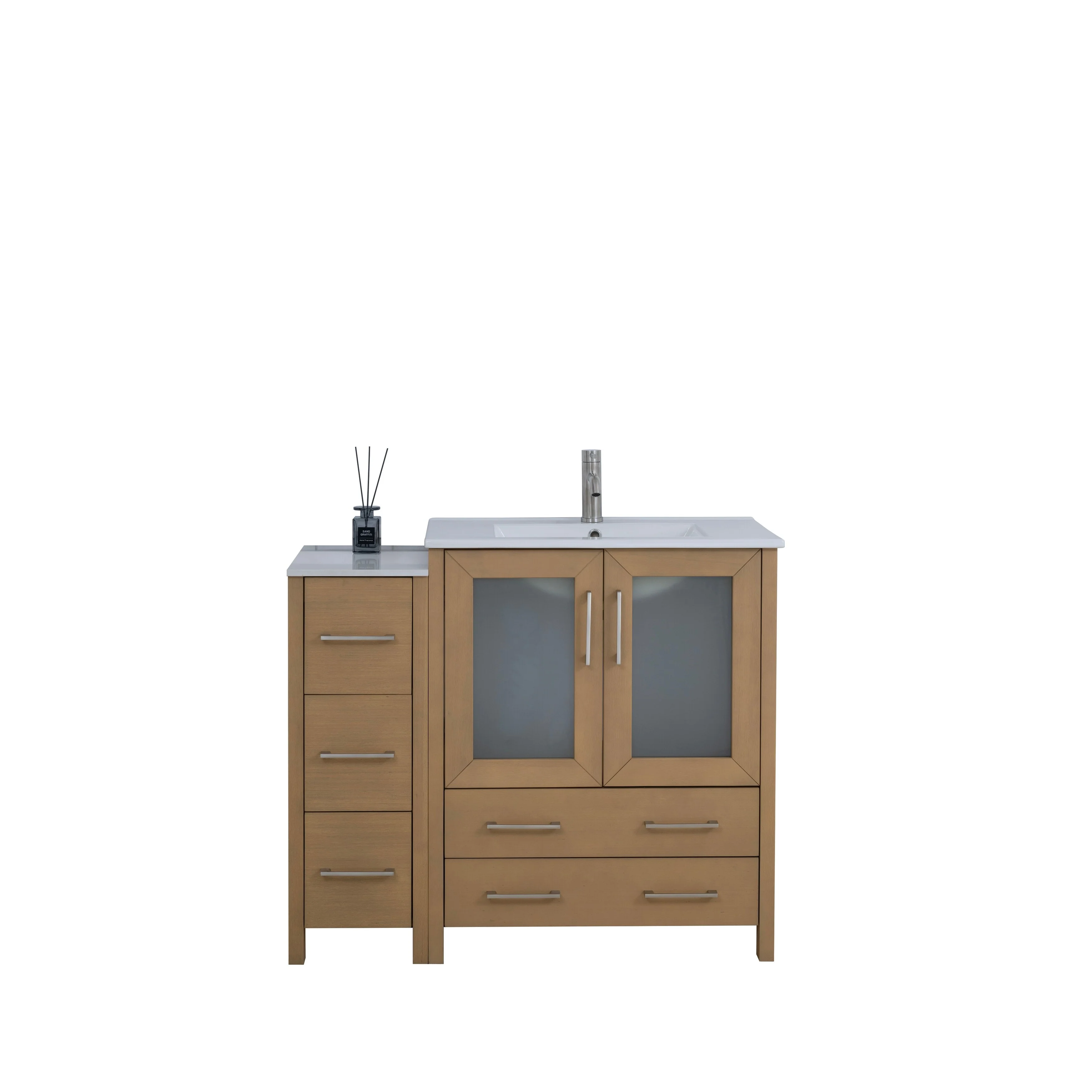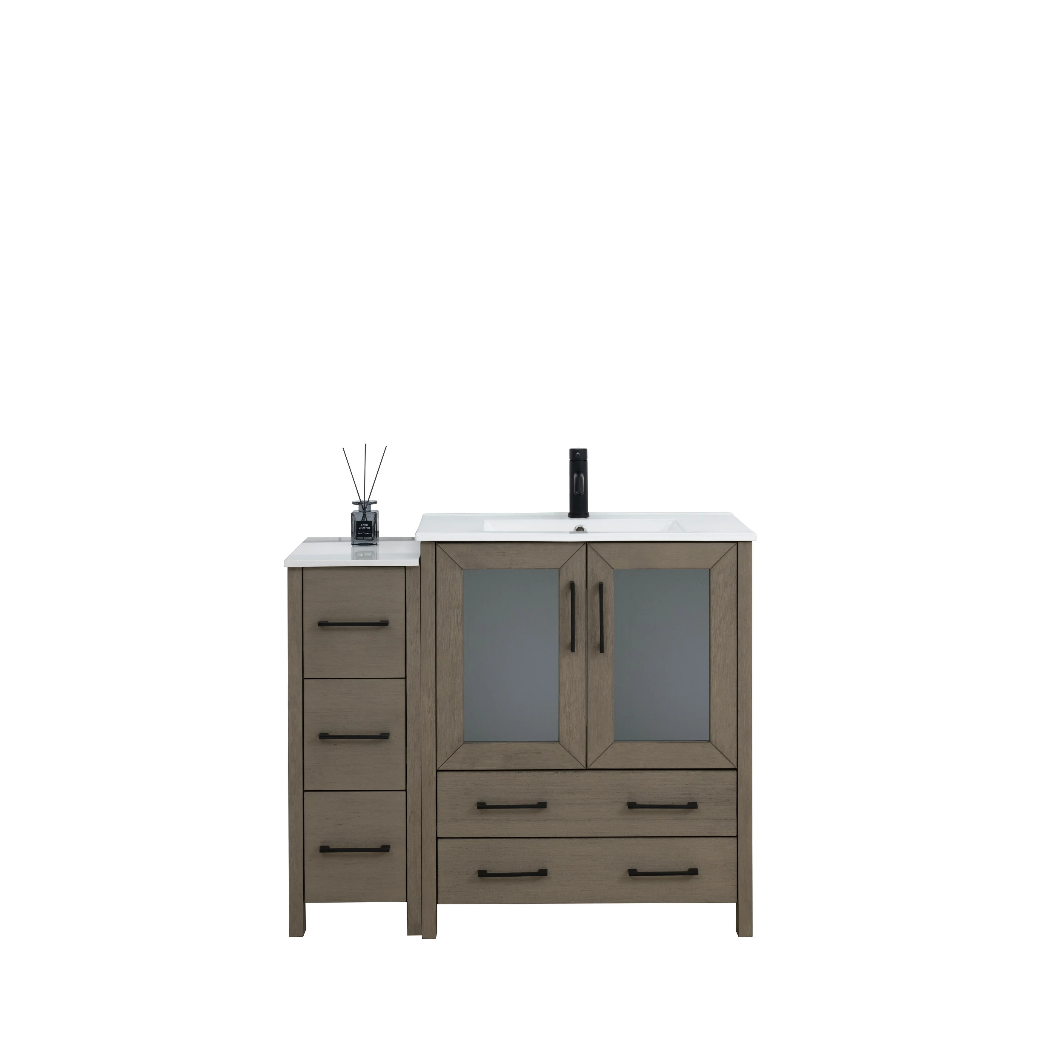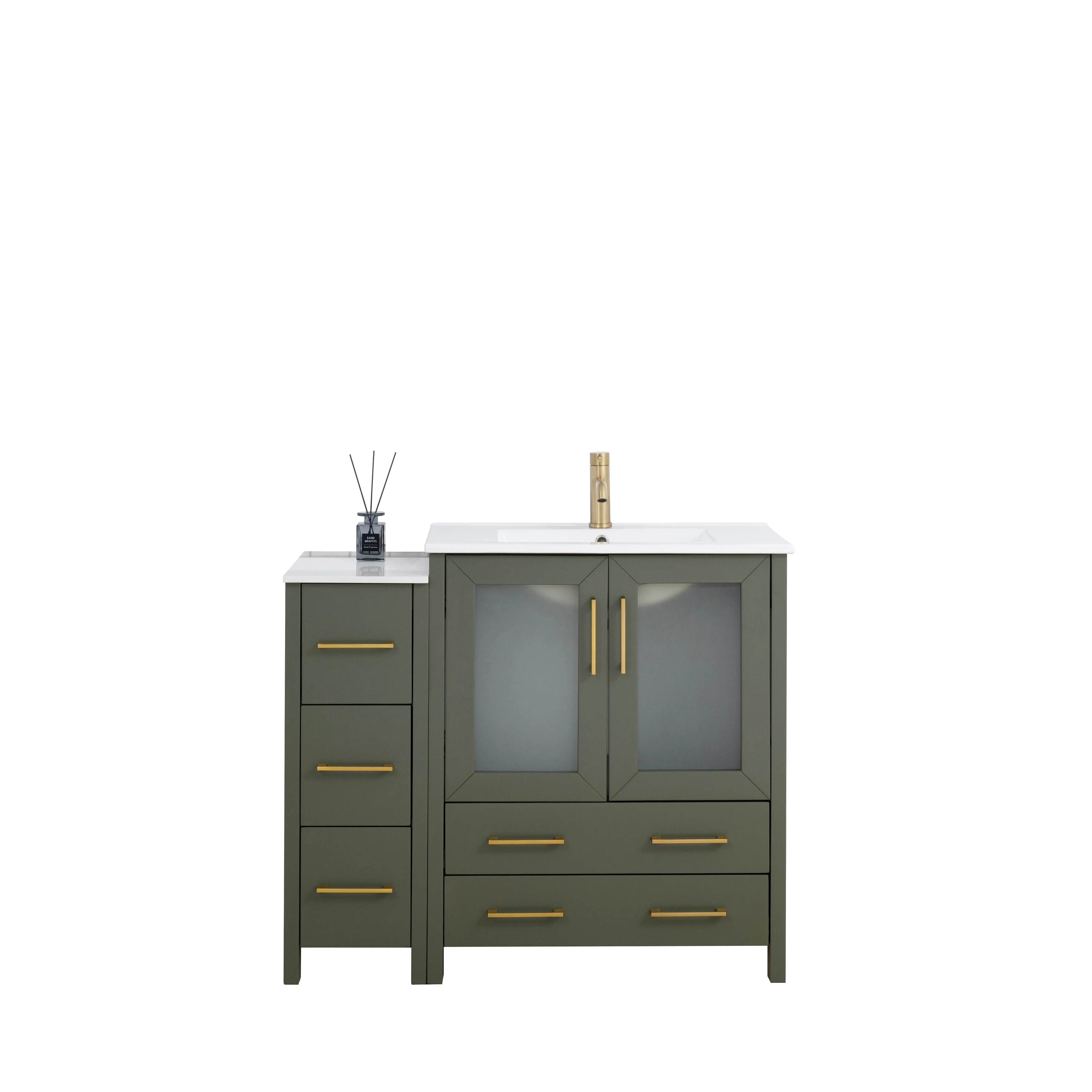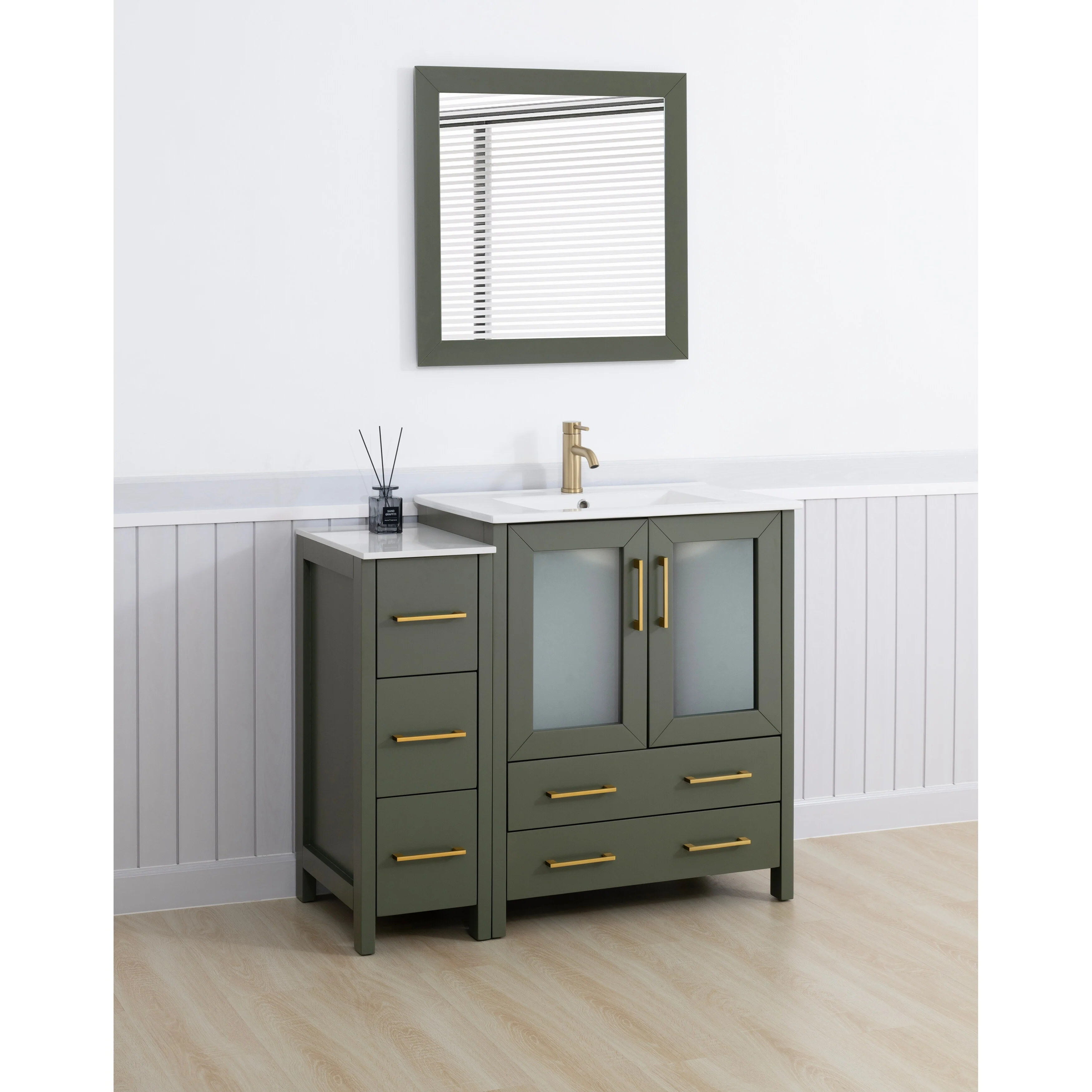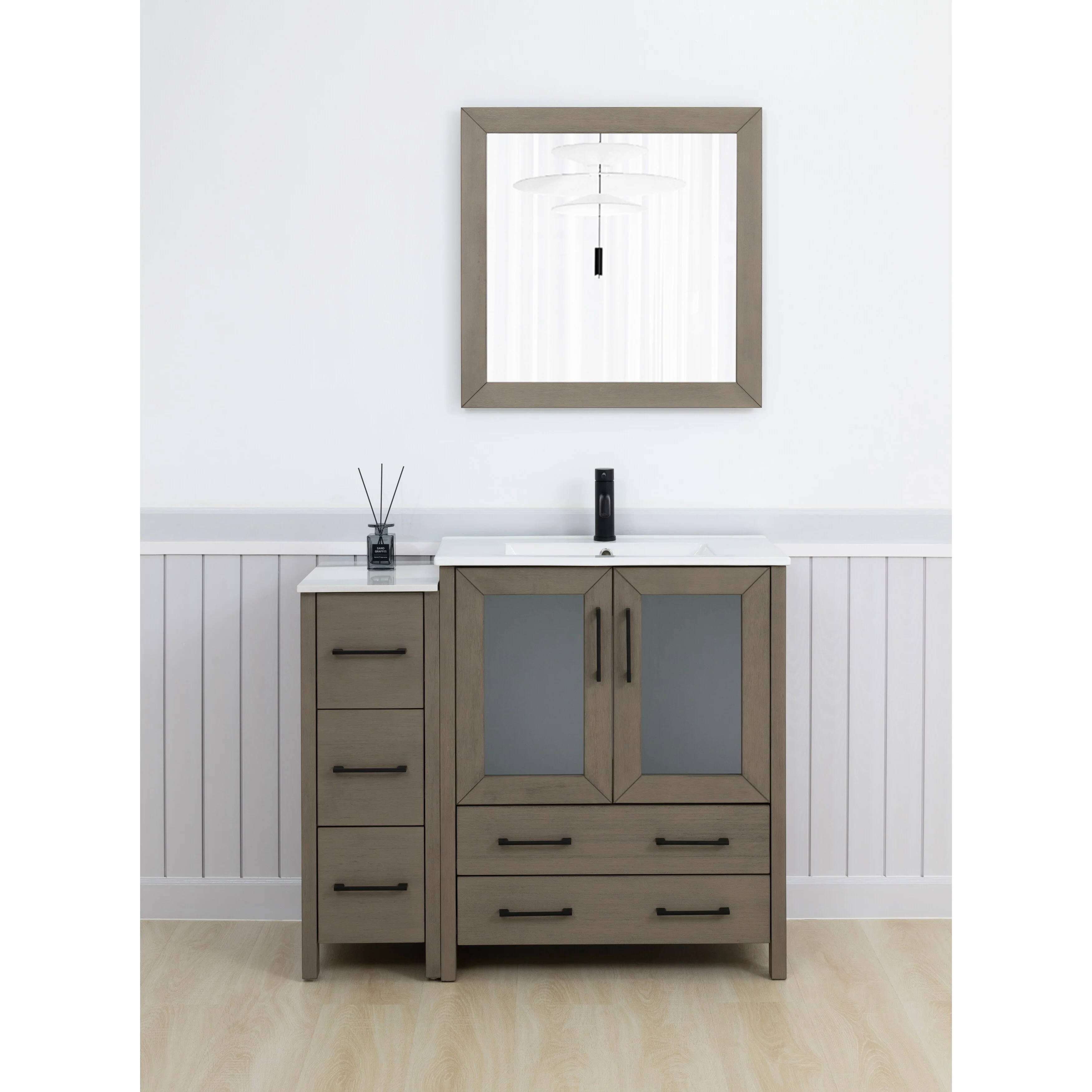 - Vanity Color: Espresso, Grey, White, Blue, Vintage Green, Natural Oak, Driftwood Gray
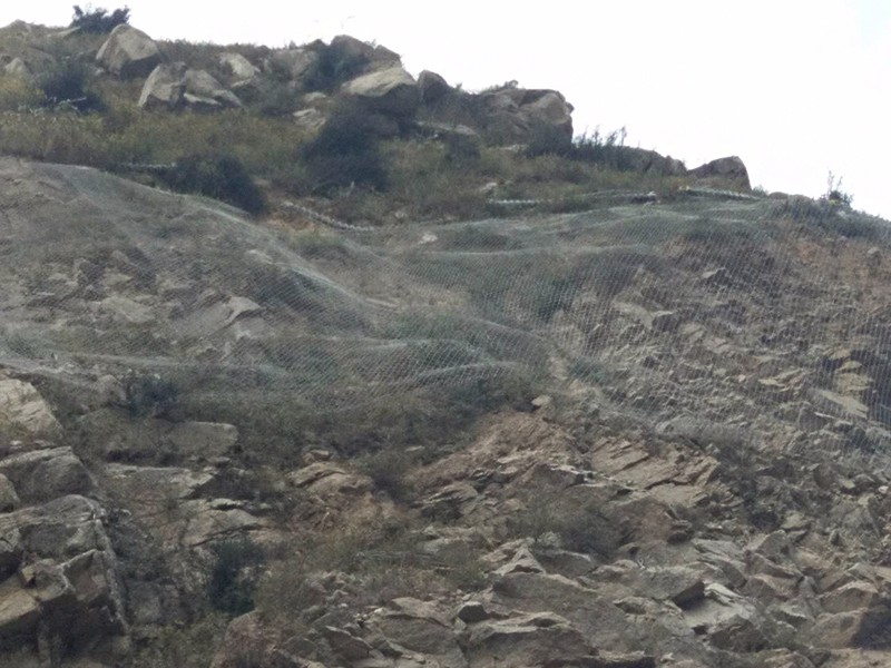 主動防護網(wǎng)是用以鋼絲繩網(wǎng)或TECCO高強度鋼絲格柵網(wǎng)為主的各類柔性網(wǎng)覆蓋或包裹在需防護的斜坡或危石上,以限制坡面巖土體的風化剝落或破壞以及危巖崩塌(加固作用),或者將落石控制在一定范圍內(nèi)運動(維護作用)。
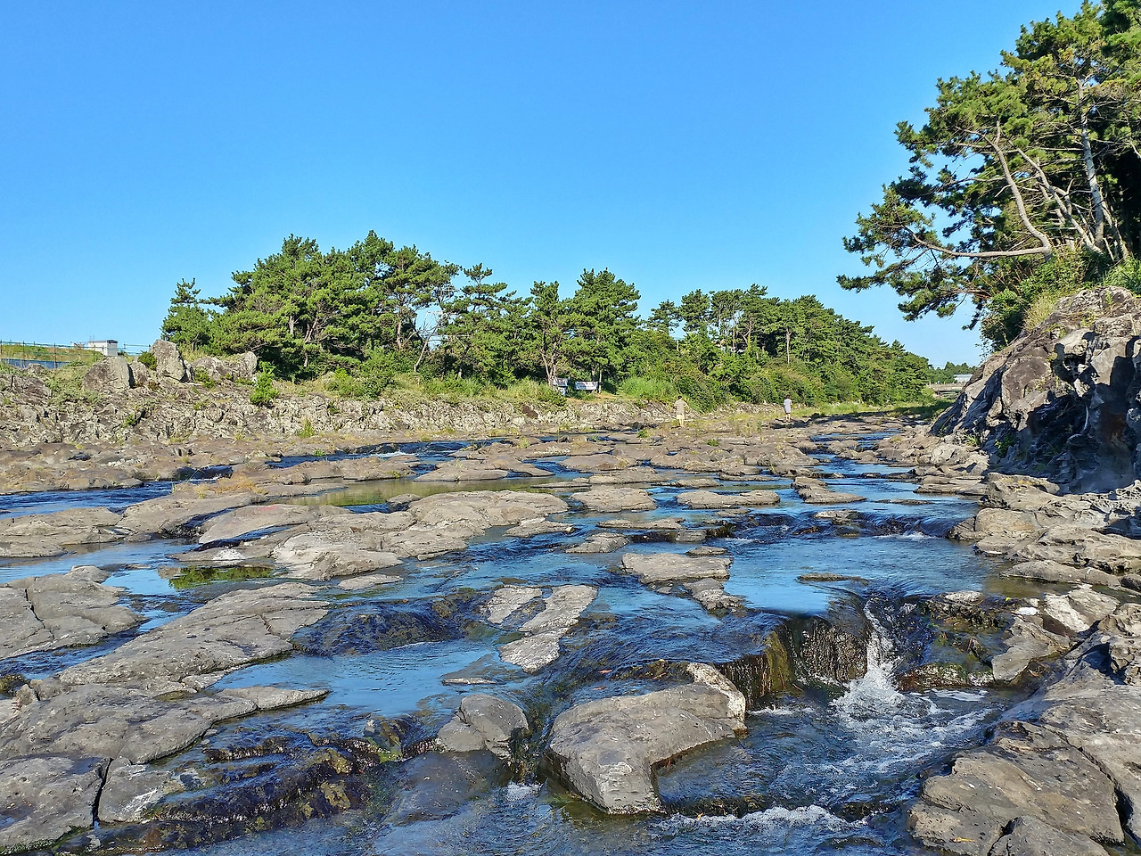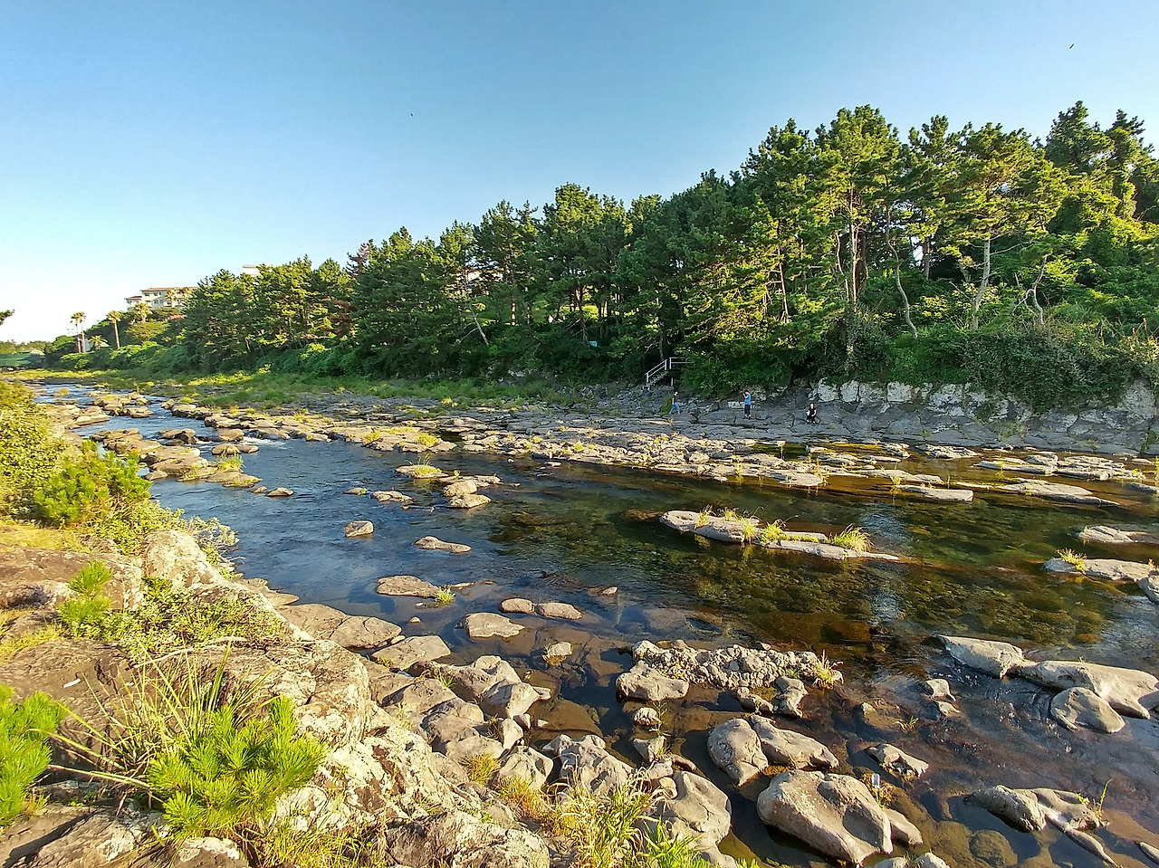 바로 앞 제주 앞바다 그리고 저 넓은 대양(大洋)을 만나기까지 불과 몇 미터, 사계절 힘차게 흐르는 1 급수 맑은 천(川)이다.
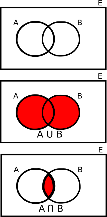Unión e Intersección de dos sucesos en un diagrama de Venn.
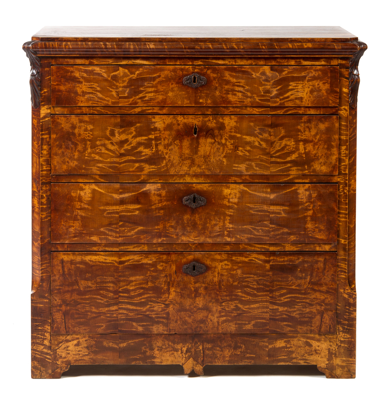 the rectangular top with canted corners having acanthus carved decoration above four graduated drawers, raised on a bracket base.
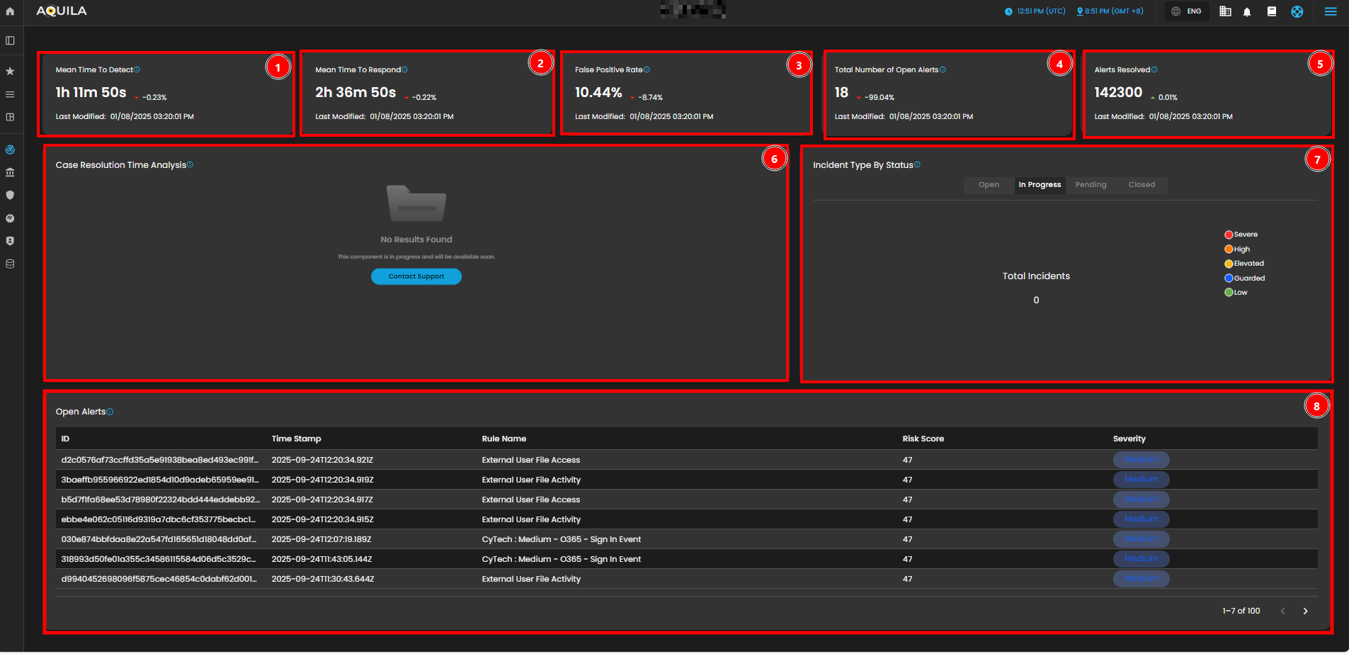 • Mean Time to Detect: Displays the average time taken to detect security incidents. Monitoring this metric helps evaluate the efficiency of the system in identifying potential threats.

::::::::

Could you write out every line above exactly as it stands, with no images?

EXERCISE SOLUTION:
 - Vanity Color: Espresso, Grey, White, Blue, Vintage Green, Natural Oak, Driftwood Gray
 主動防護網(wǎng)是用以鋼絲繩網(wǎng)或TECCO高強度鋼絲格柵網(wǎng)為主的各類柔性網(wǎng)覆蓋或包裹在需防護的斜坡或危石上,以限制坡面巖土體的風化剝落或破壞以及危巖崩塌(加固作用),或者將落石控制在一定范圍內(nèi)運動(維護作用)。
 바로 앞 제주 앞바다 그리고 저 넓은 대양(大洋)을 만나기까지 불과 몇 미터, 사계절 힘차게 흐르는 1 급수 맑은 천(川)이다.
Unión e Intersección de dos sucesos en un diagrama de Venn.
 the rectangular top with canted corners having acanthus carved decoration above four graduated drawers, raised on a bracket base.
 • Mean Time to Detect: Displays the average time taken to detect security incidents. Monitoring this metric helps evaluate the efficiency of the system in identifying potential threats.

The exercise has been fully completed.